Bis zu Beginn der 1950er Jahre wurden textile Rohstoffe auf Hochpreisniveau gehandelt. Denn auch in der Automobil- und Maschinenindustrie waren Putzlappen aus Alttextilien zunehmend gefragt. Doch schon Mitte der 50er Jahre änderte sich die Situation: Sinkende Preise für Primärrohstoffe und steigende Löhne führten dazu, dass viele Reißereien in Deutschland schließen mussten. Ebenso viele Tuchfabriken. Die Faserrückgewinnung verlagerte sich ins Ausland

Vom Rohstoff zur gefragten Secondhand-Ware
Die Reißspinnstoffindustrie setzte nun vermehrt auf Industriewatte und Polsterwolle. Zudem produzierte die Textilindustrie zunehmend synthetische Mischgewebe, die nur bedingt wiederverwertbar waren. Die Nachfrage nach Recyclingmaterialien war entsprechend stark rückläufig.
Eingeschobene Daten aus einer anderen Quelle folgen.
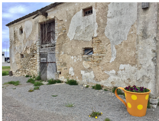
Gammalt hus i hamnen med pynt för att göra det trevligare – ett konstverk.
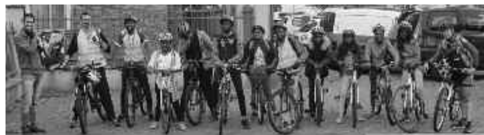
Le 20 septembre, les cyclistes de « Donnons des elles au vélo » ont accompagné les jeunes. Depuis la création d'Exploravélo, 30 enfants ont pu bénéficier du dispositif.

« Exploravélo est avant tout un projet éducatif et un levier de mobilité des jeunes, que ce soit pour leurs loisirs ou leur projet d'orientation. Des jeunes de tous les quartiers de la ville partent à la découverte de lieux proches mais méconnus. Cela permet de favoriser le vivre ensemble par les échanges interquartiers. Par dessus tout, ils gagnent en confiance et en motivation et s'ouvrent plus facilement aux autres. »
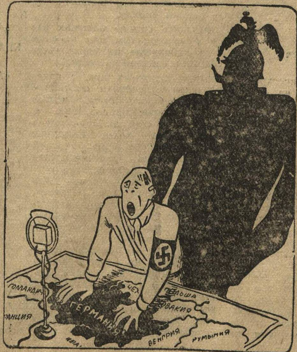
—«Не понимаю, почему мои мирные намерения не могут распространиться на всю Европу».
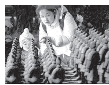
стран в Китае шоколад распространился совсем недавно, и местная молодежь лишь начинает проникаться любовью к заморскому лакомству.

Поводом для открытия тематического шоколадного парка послужило растущее число любителей этого лакомства среди китайцев. Теперь они смогут почитать шоколадную сказку, имитирующую волшебную фабрику из повести Роальда Даля. Создатели шоколадной страны чудес, разместившейся в китай-
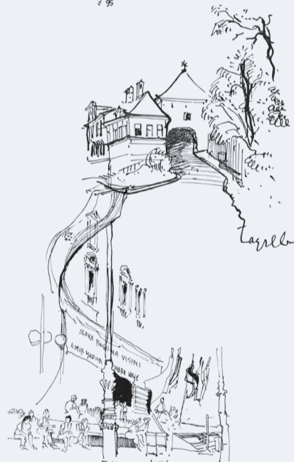
ZAGREB - KLACIĆEV TRG 15/9/12
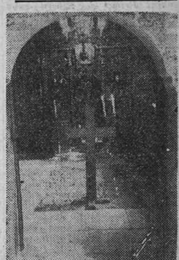
En una capilla del Monasterio Nacional de Rila, descansará eternamente Boris III

nas de la Biblia en todos los muros y bóvedas de la nave. Durante los pasados días miles de coronas de todo el pueblo búlgaro ocuparon la enorme Iglesia de San Alejandro Nevsky. Hoy, en la imposibilidad de que permanecieran todas, han sido retiradas. Pero quedan aún las coronas enviadas por los Soberanos y Jefes de Estado.

Die Preise für Rohstoffe aus dem Textilrecycling verfielen, so dass die Arbeitskosten für das Aussortieren der Recyclinganteile sich erstmals nicht mehr decken ließen. Zeitgleich verschwand der Lumpensammler allmählich aus dem Straßenbild.
Ursprünglich in erster Linie als Rohstoff genutzt, begann in den 1960er Jahren die Nutzung von Gebrauchttextilien als Secondhand-Kleidung. Unternehmen aus den Niederlanden kauften damals deutsche Gebrauchtkleidung im großen Stil auf, um sie in den niederländischen Kolonien als Secondhand-Kleidung zu verkaufen. Die Folge war ein schwindendes Angebot an gebrauchten Textilien in Deutschland und damit verbunden steigende Preise für die Sammelware. In dieser Situation gingen viele deutsche Sortierbetriebe dazu über, gebrauchte Kleidung selbst zu erfassen und weltweit zu verkaufen. Um mehr Textilien sammeln zu können, entstanden gezielt Kooperationen mit karitativen Organisationen. Denn mit wachsendem Wohlstand nahm auch die Menge an gebrauchten Textilien stetig zu.
Parallel dazu stieg auch die weltweite Nachfrage nach Gebrauchtkleidung. Heute ist daher die Vermarktung von Secondhand-Kleidung das Hauptgeschäft der Sortierbetriebe. Der Weiterverkauf von Recyclingmaterialien ist hingegen nur noch ein schlecht bezahltes Nebengeschäft.

Sortierung wandert ab
In den vergangenen 15 Jahren hat sich der Textilrecyclingmarkt noch in anderer Hinsicht verändert. Bis Anfang der 1990er Jahre sortierte man überwiegend dort, wo die Kleidung auch gesammelt wurde, nämlich in Deutschland und Westeuropa. Nach der Öffnung Osteuropas sind dort nach und nach Sortierbetriebe entstanden. Außerdem förderten Länder wie Tunesien, Dubai und die Türkei die Ansiedlung von Sortierbetrieben ganz gezielt mit Steuervorteilen, um so Arbeitsplätze zu schaffen.
Da ost- und außereuropäische Sortierbetriebe aufgrund der niedrigeren Lohn kosten in der Regel höhere Ankaufpreise zahlen können als westeuropäische Betriebe, fließt Originalsammelware zunehmend aus Deutschland ins Ausland ab. Der Konkurrenzdruck für deutsche und westeuropäische Sortierbetriebe nimmt damit immer weiter zu.